What is it?
We make decisions all the time. Orange juice or apple juice? Skirt or trousers? Car or walk? But when we’re pregnant, particularly if it’s our first time, it can be daunting.
Suddenly you’re being asked about many different aspects of your care, of which you have usually no prior knowledge or experience, and many of which have the potential to impact on your health and the health of your baby.
Many antenatal class facilitators and doulas recommend using the acronym BRAIN as a way to make sure you’re not missing anything you need in order to make an informed decision – whether that be informed consent, or informed refusal.
While you’re pregnant, you’ve got time to research your options and think about what you’d like to do; decisions rarely need to be made instantly. A good Health Care Professional (HCP) will listen to your concerns and be able to answer them, or undertake that they will find out and get back to you. If they feel threatened by your questioning, get a second opinion – if they can’t justify and evidence their reasoning to you then why would you agree to their recommendation?!
But when you’re at the sharp end of labour contractions, it’s easy to feel under pressure, overwhelmed by the choice, and to forget to ask the pertinent questions you need to help the decision making process. This in turn makes it difficult to evaluate your options as effectively as you would normally, potentially leading to snap decisions you may regret later. Remembering to use your BRAIN can help.

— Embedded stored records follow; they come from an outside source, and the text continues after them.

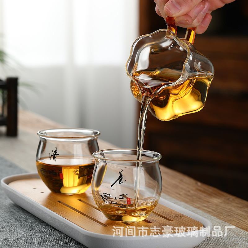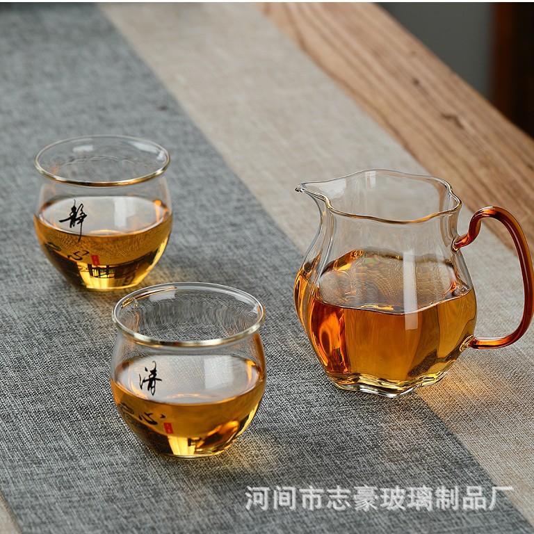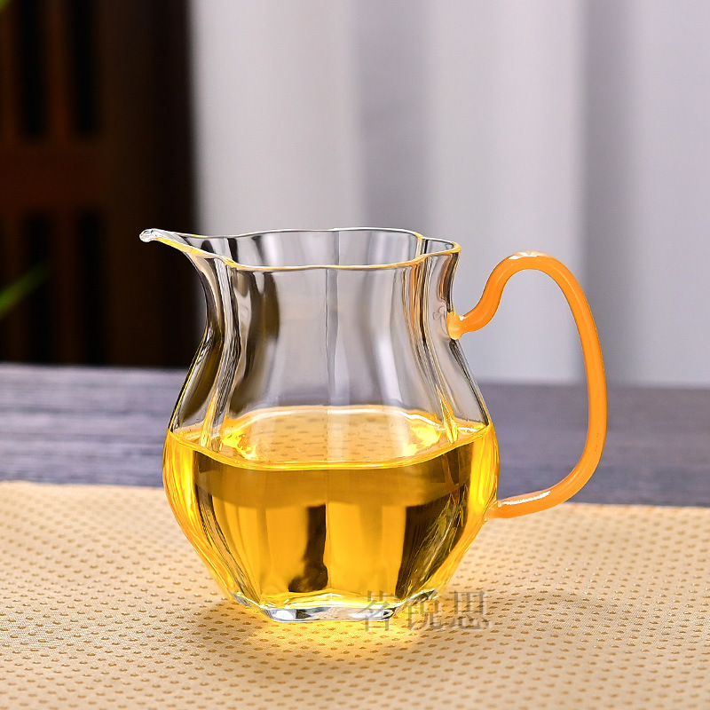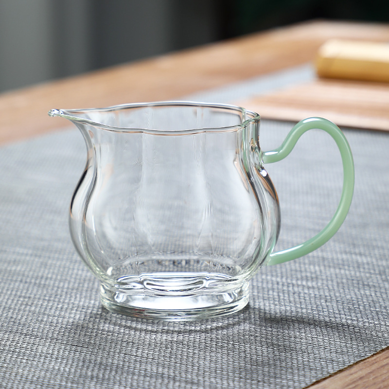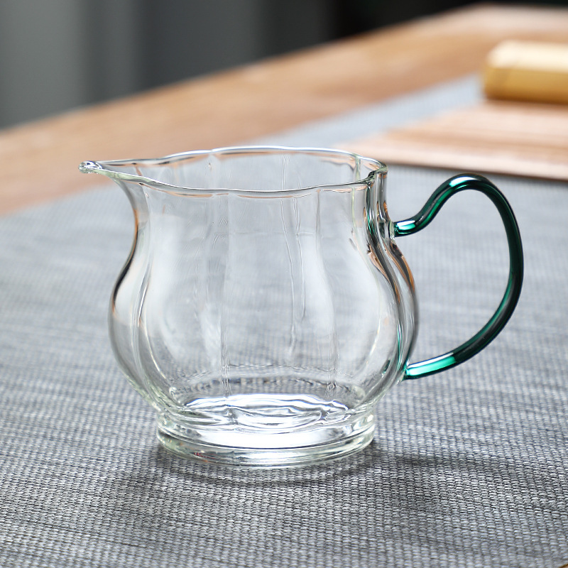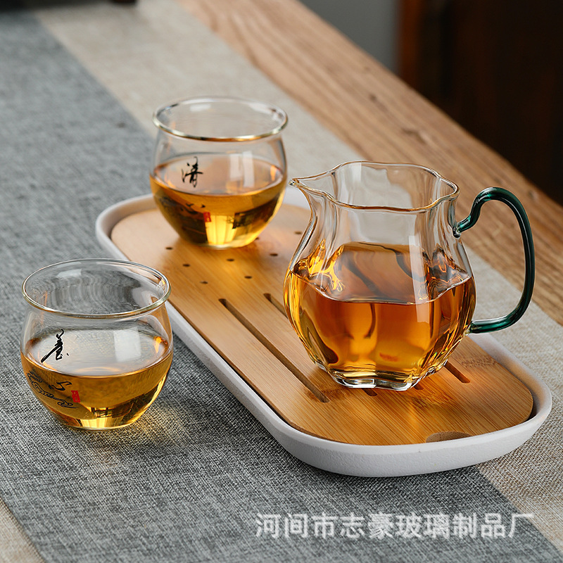 玻璃公道杯茶具日式高硼硅带柄公杯分茶器花型茶海功夫茶具配件
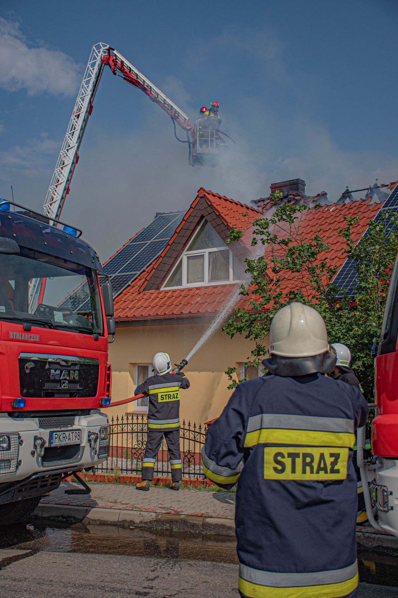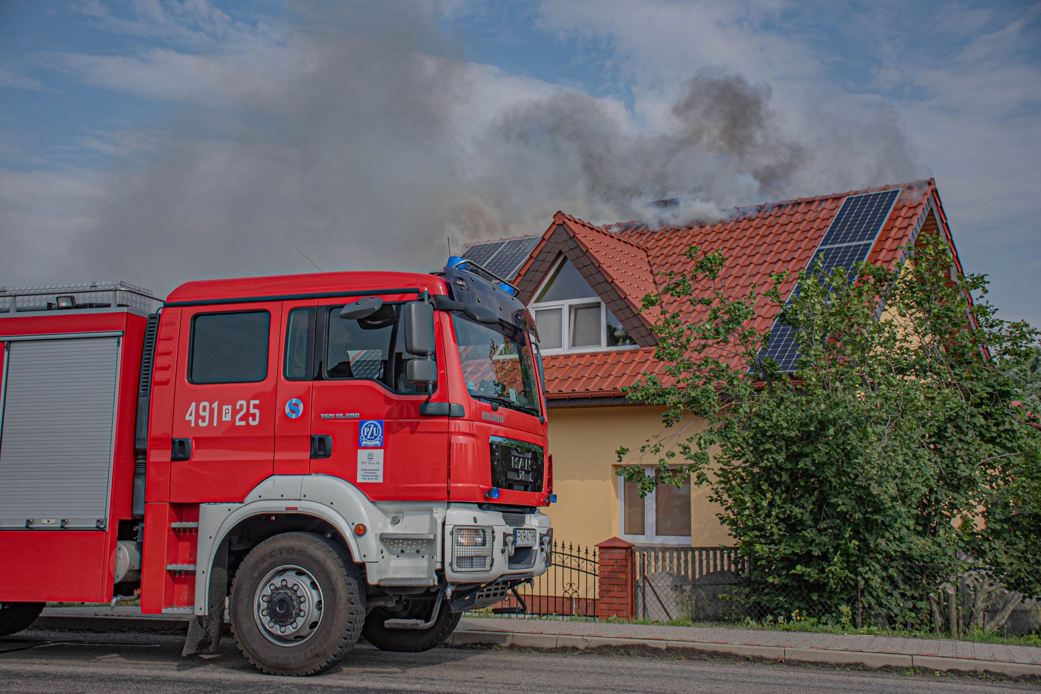 Po dotarciu na miejsce Jednostek Ochrony Przeciwpożarowej w wyniku przeprowadzonego rozpoznania ustalono, że pożarem objęte są pomieszczenia na poddaszu budynku, a ogień przepala konstrukcję dachową. Na jednej połaci dachowej zamontowana jest instalacja fotowoltaiczna, która narażona jest na oddziaływanie pożaru. Mieszkańcy opuścili budynek samodzielnie i nie uskarżali się na żadne dolegliwości.
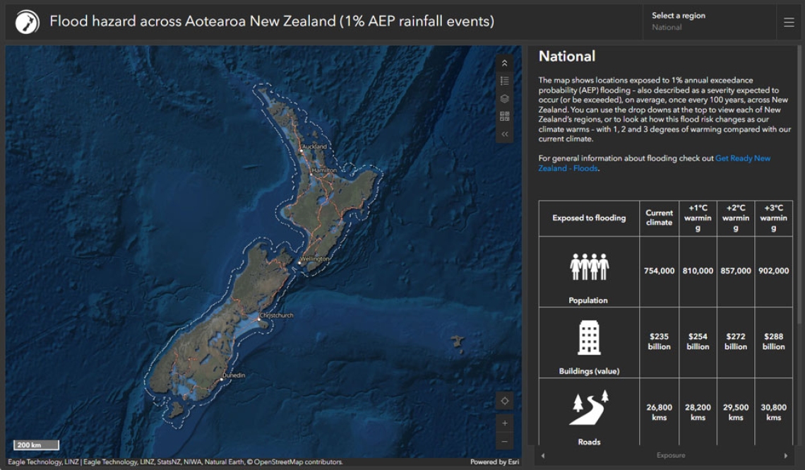 The new GIS viewer for flood hazard across Aotearoa New Zealand (1% AEP rainfall events) is available at: https://niwa.maps.arcgis.com/apps/dashboards/8c1db2b8e37841f29a57a38675388897
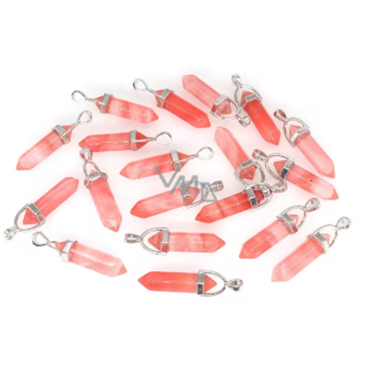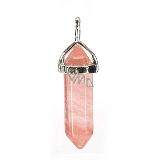 Křišťál růžový Kyvadlo šestihran přívěsek přírodní kámen 41 x 13 mm, kámen kamenů
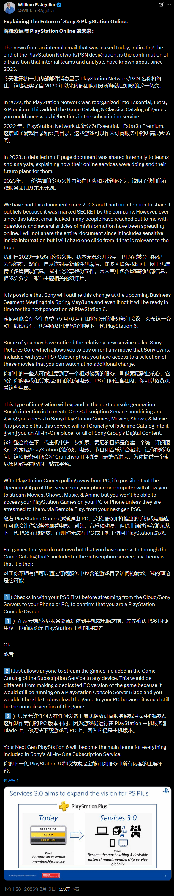 此前已有消息指出,索尼将逐步弃用“PlayStation Network”(PSN)的相关表述。Aguilar补充称,内部人士早在2023年便已知晓这一变动,公司可能会在今年5月或6月的会议上正式说明,并计划在PS6推出前完成过渡。
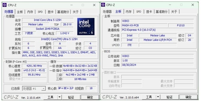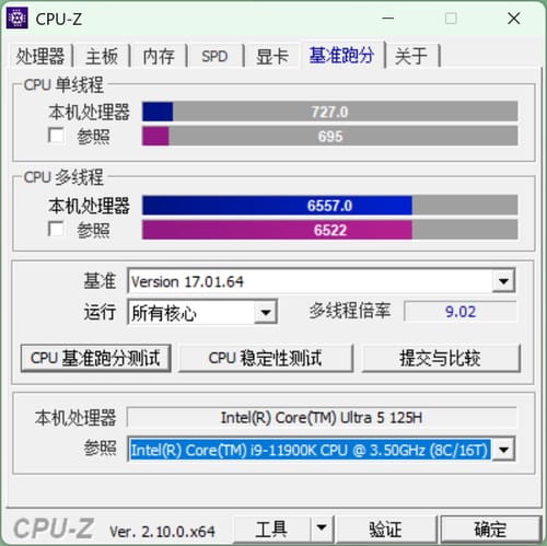 CPU-Z软件除了可以检测CPU、主板、内存等的信息,还内置了CPU的基准测试跑分选项,结果可见,酷睿Ultra 5 125H 处理器的单线程得分为 727 ,多线程得分为6557,对比内置的处理器,高于酷睿i9-11900K,这可是当年台式机的高端CPU型号了,所以,全新的酷睿Ultra处理器,在性能上满足办公、学习等的应用流畅运行,是毫无压力的。
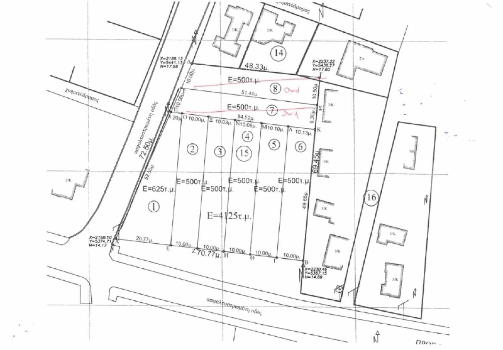 Парцел 500кв.м. в Ептамилои Серес. Тя е равна, ъглова, в план и може да се застрои. Има коефициент на покритие 60% и застроява 240кв.м. с допълнителни 40кв.м. таванско помещение и покрив. Има лице на главен път 10м. и дълбочина 49,65м.. Намира се в тих район много близо до град Серес. За оглед на имота е необходимо да представите лична карта.
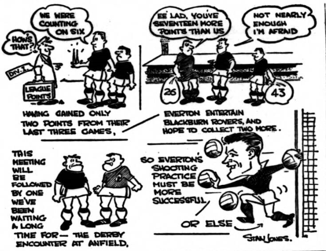 Everton return to Goodison Park after three successive away games, the last of which, at Villa, went far towards rehabilitating them in the eyes of rather disappointed supporters. I heard of one man who was prepared last week to offer 25-1 against Everton winning the championship this season. The alacrity with which he was taken up caused him to change his mind quickly . . . I would say the odds were more in keeping with Liverpool's chances. Following their Villa win and the emergence of Young is his best form; Everton's League chances are undeniable. We shall know more about them when they have played Blackburn Rovers (minus Douglas) to-morrow and Liverpool, at Anfield, on Monday night. The first Derby game this season produced a draw. It could be that Monday's match might be the shape of a fixture to come—Cup holders v. League champions! Blackburn, without Douglas, are much less to be feared. They are a workmanlike side, but not an inspiring one. If Everton can recapture their pre-Ice Age inspiration they should win readily, but if Else, a goalkeeper who has just found his best form plays as well to-morrow as he did in mid-week against Burnley (he almost held them single-handed) they will have a hard time beating him. Matt Woods. War horse supreme and still one of the daintiest and fairest of centre half-backs, comes back to his old club on a second lease of football life. What a good buy he was when he left Goodison for Ewood in the Cliff Britton era! The Blackburn half-back line, with England, of Wales. on the left, and Clayton, formerly of England, on the right looks as though it could make life difficult for Everton forwards who have not played well as a line, for some weeks, until they sparkled at Villa.
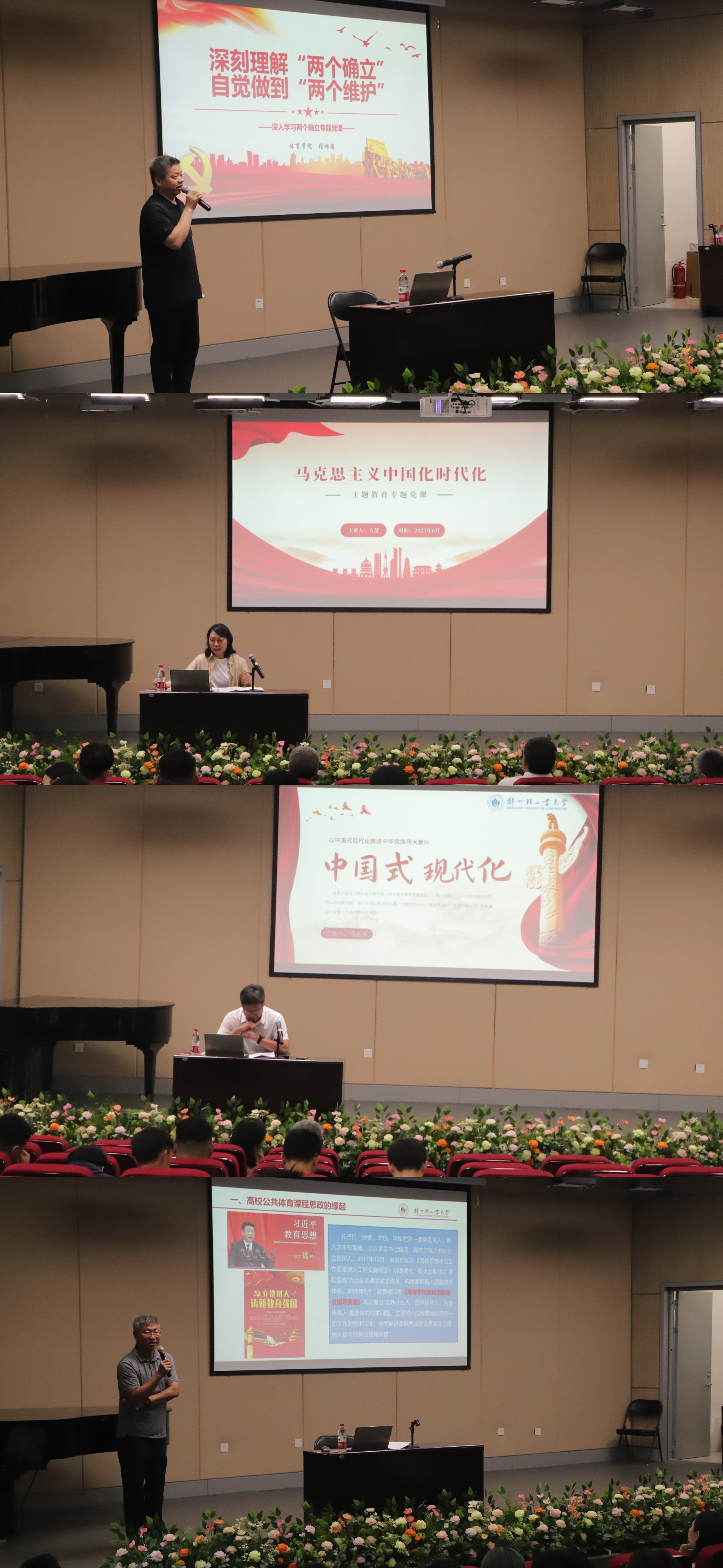 方慧以《马克思主义中国化时代化》为题,围绕马克思主义中国化时代化发展过程、马克思主义中国化时代化新飞跃——习近平新时代中国特色社会主义思想世界观方法论、学习体会——谱写马克思主义中国化时代化新篇章三部分进行阐述。她强调,我们师生要全面贯彻习近平新时代中国特色社会主义思想和党的二十大精神,更好地把坚持马克思主义和发展马克思主义统一起来,坚持用马克思主义之“矢”去射新时代中国之“的”,继续推进马克思主义基本原理同中国具体实际相结合、同中华优秀传统文化相结合,不断谱写马克思主义中国化时代化新篇章,让马克思主义在中国大地上展现出更强大、更有说服力的真理力量。

Because no matter how the procedure/test/medication is presented to you – on a continuum from “You could try this…” to “You have to do this…” the decision ultimately rests with you.
Any HCP whose reasoning starts with ‘because it’s our policy’ or ‘that’s what we usually do’ is not doing their job properly in terms of giving you the information you need to make truly informed consent. At all times you are being offered options – which are yours to accept or refuse, even if they’re not being couched in language that sounds like it.
The acronym BRAIN works as follows:
The B stands for Benefits: What are the advantages of the approach being considered? Whether it’s a test, a form of monitoring, pain management, position, it doesn’t matter – you need to know why your HCP is recommending/suggesting it. What is the evidence base for it? If you’ve got the time, is there RCOG (Royal College of Gynecologists) or NICE (National Institute of Clinical Excellence) guidance on it you could read? RCOG/NICE always state their sources and often the RCOG even rates the’ strength’ of the evidence for their recommendations, which is very helpful. Even if it’s just internal policy, there should be documentation and references to back up the reasons for it.
The R stands for Risks: What are the disadvantages of the approach being considered? Are there any side effects? Is the decision reversible? Will it restrict my choices later on? What happens if it goes wrong? How does this relate specifically to me and my circumstances? You also have to keep in mind the severity of the hazard versus the likelihood. Are we talking an almost certain likelihood of breaking a fingernail or a very very very small likelihood of fetal/maternal death? It’s tempting to ignore very unlikely risks, but if the consequence is catastrophic, it must be taken seriously. As a doctor friend of mine put it in terms of c-section – you may not want one, but how many overcautious c-sections are acceptable to prevent one fetal/maternal death?
The A stands for Alternatives: What other approaches could we try? Is this the only option to consider (aside from doing nothing – see N later)? Just because this is what most people choose/you’d recommend, doesn’t make it right for me… (you might need to BRAIN all the alternatives too!) e.g. If I’m being advised/prescribed something because there’s a ‘risk’ of getting high blood pressure, why can’t I buy a blood pressure monitor and keep a detailed eye on my blood pressure instead?
The I represents Instinct/Intuition: What does my gut say about the approach recommended/suggested? This may seem like a particularly unscientific test, but it’s actually very useful in getting to the core of what is important to us; and determining which path is right for us. After all, giving birth is not an illness, it’s a natural part of life – but we’re all different, with our own innate values, beliefs, and preferences to consider.
The N stands for Nothing: What is likely to happen if we do nothing? Can we wait an hour/2 hours/a day/a week? Does the decision have to be made now, or can we wait to see what happens next and revisit the decision later?
Medical professionals generally want what is best for their patients. On the whole we can be assured that they really do have the right motivation when caring for us. But while we mustn’t lose sight of that, there is also room for our input in the birthing process.
To make informed decisions, you need all the relevant information. Using your BRAIN is definitely one way to attempt to ensure you get that information at the right time.